Padre irmão que ainda não se suicidou, continue amando a Igreja; mas, por favor, se ame primeiro. Se alguma coisa acontecer com você, justa ou injustamente, você tem grande chance de ser descartado através de um decreto frio e impessoal. Ame a Jesus! Converse com Ele! Não espere o bispo lhe perguntar como está. Não crie expectativa sobre a fraternidade sacerdotal. Ela existe, na maioria do clero, só no papel. Ame-se! Se ame primeiro. Ame-se antes de amar os superiores e os irmãos padres. Lembre-se que haverá um momento que será só você e Ele. Todos deixarão você. As acusações e o que podem colocar de você nas redes, possivelmente, valerão mais do que tudo que Deus lhe deu a graça de realizar fielmente em todos os seus anos de ministério. Os conselhos presbiterais não conhecem você. Para a grande parte deles, você já está até morto…
Ah, irmão padre, não se mate. Não seja o décimo da lista de 2021! Você sabe que nenhum dos ordinários locais dos outros nove falaram nada? Se você se matar, no outro dia, alguém vai ser mandado para o seu lugar. Você será lembrado apenas nas missas em que alguém colocar o seu nome nas intenções. Com alguns dias, o Instagram e o Facebook não mais falarão de você. Foi assim com o padre Ruben, Adriano Henrique, Milton, Marco Antônio, Mauro Jorge… e todos nesse ano. E todos celebraram, usaram casulas, absolveram pecados, batizaram, assistiram casamentos”.
Suicídio sacerdotal: “não seja o décimo”
O texto assinado pelo pe. Simeão passa então a exortar os sacerdotes a buscarem ajuda quando sentirem a tentação de dar fim à própria vida:
“Padre, não seja o décimo… Peça férias, peça um ano sabático. Vá para a casa dos seus pais. Deixe a paróquia. Você não vai morrer de fome. Eu sou testemunha disso. Peça transferência de paróquia ou diocese. Busque a vida religiosa ou se incardine em uma diocese. Mude de rito, de tradição. Mude de país. Vá fazer missão, mas não se mate. Nada vai adiantar com a sua morte. Para alguns bispos, vai ser apenas menos um ‘problema’. A maior parte dos padres nem vai se lembrar de você quando o seu nome for retirado do anuário ou do site da diocese.
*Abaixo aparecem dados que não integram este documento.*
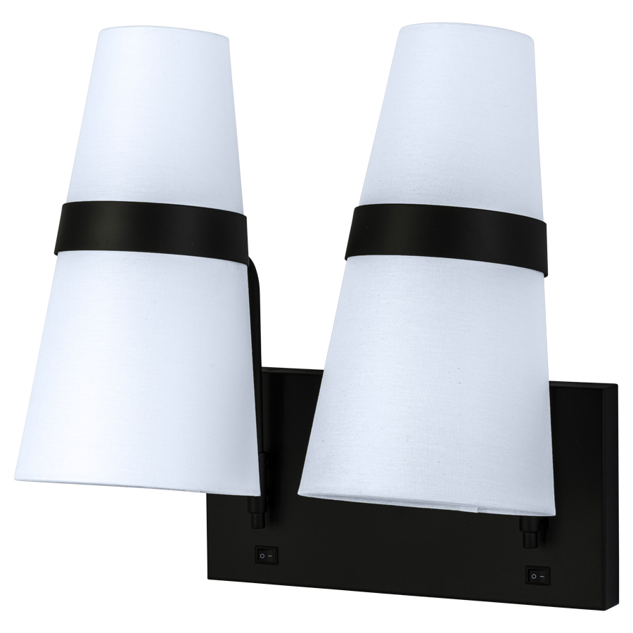 18.5"H Matte Black Wall Lamp, four medium base sockets, two on/off rocker switches at backplate, 8' Silver 45° cord exiting out back of lamp, two 4"x7.5"x13.75" white linen shades with rolled edges. Recommend four 1100 lumen LED bulbs.

Padre, por favor, não se mate por amor à Igreja. Essa igreja não merece nossa morte. Ela precisa de nossa vida, ainda que escondida e insignificante para o alto clero. Não diga sim aos homens, diga sim a Deus! Mude de Estado ou até de estado de vida; mas, por favor, não se mate.
O Papa Francisco nunca saberá a verdade. A nunciatura não vai te ajudar. Se um dia a CNBB fizer algo pensando nos potenciais padres suicidas, você vai ser somente um número do passado. Se ame, padre!
Padre, procure ajuda. Se o seu bispo não o ajudar, ligue para um padre. Vá até um confessor, procure um diretor. Vá até o médico, padre. Comece, por favor, uma terapia. Temos muitos padres e consagrados psicólogos. Reze, padre; mas se ame. Se alimente, se divirta, durma, diminua a marcha. Não espere ajuda fora. Primeiro, comece em você. Mude por dentro. Ame sua humanidade e o ministério sacerdotal. Grite, irmão. Pare. Deixe o celular e vá rezar. Leia, padre. Confesse, padre. Vá ao hospital e brinque com as crianças, visite os casais, escute os idosos, fique diante do sacrário. Não se mate. Não compre remédios nem cordas. Não coloque fim na sua vida antes do tempo.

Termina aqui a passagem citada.